From: Daniel Ritz (daniel.ritz@gmx.ch)
Date: Mon Jul 21 2003 - 16:01:39 EST


On Mon July 21 2003 21:44, Javier Achirica wrote:
>
> On Mon, 21 Jul 2003, Daniel Ritz wrote:
>
> > On Mon July 21 2003 13:00, Javier Achirica wrote:
> > >
> > > Daniel,
> > >
> > > Thank you for your patch. Some comments about it:
> > >
> > > - I'd rather fix whatever is broken in the current code than going back to
> > > spinlocks, as they increase latency and reduce concurrency. In any case,
> > > please check your code. I've seen a spinlock in the interrupt handler that
> > > may lock the system.
> >
> > but we need to protect from interrupts while accessing the card and waiting for
> > completion. semaphores don't protect you from that. spin_lock_irqsave does. the
> > spin_lock in the interrupt handler is there to protect from interrupts from
> > other processors in a SMP system (see Documentation/spinlocks.txt) and is btw.
> > a no-op on UP. and semaphores are quite heavy....
>
> Not really.
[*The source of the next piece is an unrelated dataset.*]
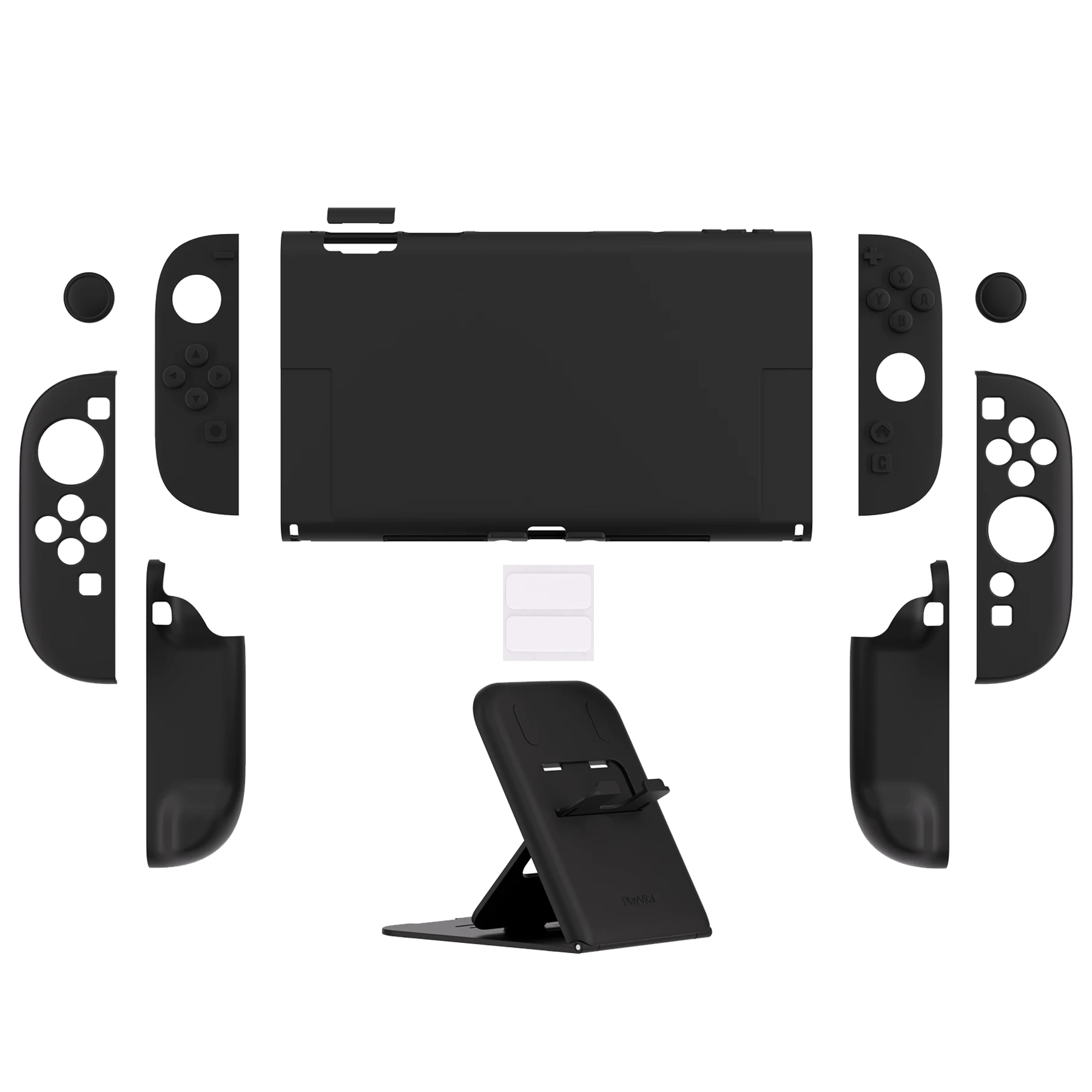 Ergonomic grip design reduces hand fatigue in handheld mode. Precision-cut case supports seamless docking and charging without removal, and Joy-Cons can detach freely.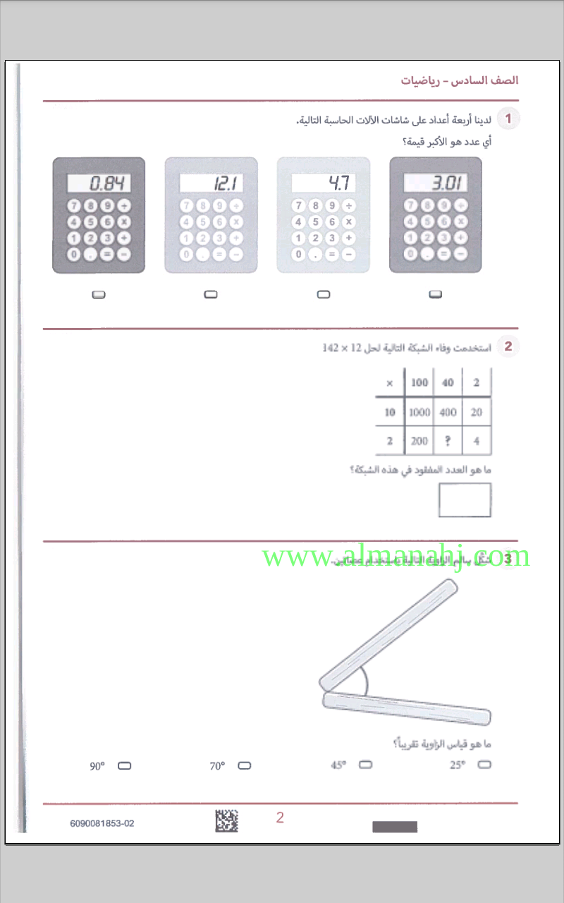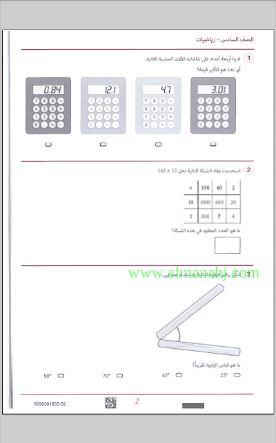 معلومات الملف: الصف السادس, الفصل الثاني, رياضيات, 2018-2019, الاختبار القياسي 2016 | |||

You can still read the received packets from the card (as
> you're not issuing any command and are using the other BAP) while a
> command is in progress. There are some specific cases in which you need
> to have protection, and that cases are avoided with the down_trylock.
>

ok, i think i have to look closer...if the card can handle that then we don't need
to irq-protect all the areas i did protect...but i do think that those down_trylock and
then the schedule_work should be replaced by a simple spinlock_irq_save...

i look closer at it tomorrow.
you happen to have the tech spec lying aroung?

> AFAIK, interrupt serialization is assured by the interrupt handler, so you
> don't need to do that.
>
> > > - The fix for the transmit code you mention, is about fixing the returned
> > > value in case of error? If not, please explain it to me as I don't see any
> > > other changes.
> >
> > fixes:
> > - return values
> > - when to free the skb, when not
> > - disabling the queues
> > - netif_wake_queue called from the interrupt handler only (and on the right
> > net_device)
> > - i think the priv->xmit stuff and then the schedule_work is evil:
> > if you return 0 from the dev->hard_start_xmit then the network layer assumes
> > that the packet was kfree_skb()'ed (which does only frees the packet when the
> > refcount drops to zero.) this is the cause for the keventd killing, for sure!
> >
> > if you return 0 you already kfree_skb()'ed the packet. and that's it.
>
> This is where I have the biggest problems. As I've read in
> Documentation/networking/driver.txt, looks like the packet needs to be
> freed "soon", but doesn't require to be before returning 0 in
> hard_start_xmit. Did I get it wrong?
>

no, i got it wrong. but still...it's the xmit where the oops comes from....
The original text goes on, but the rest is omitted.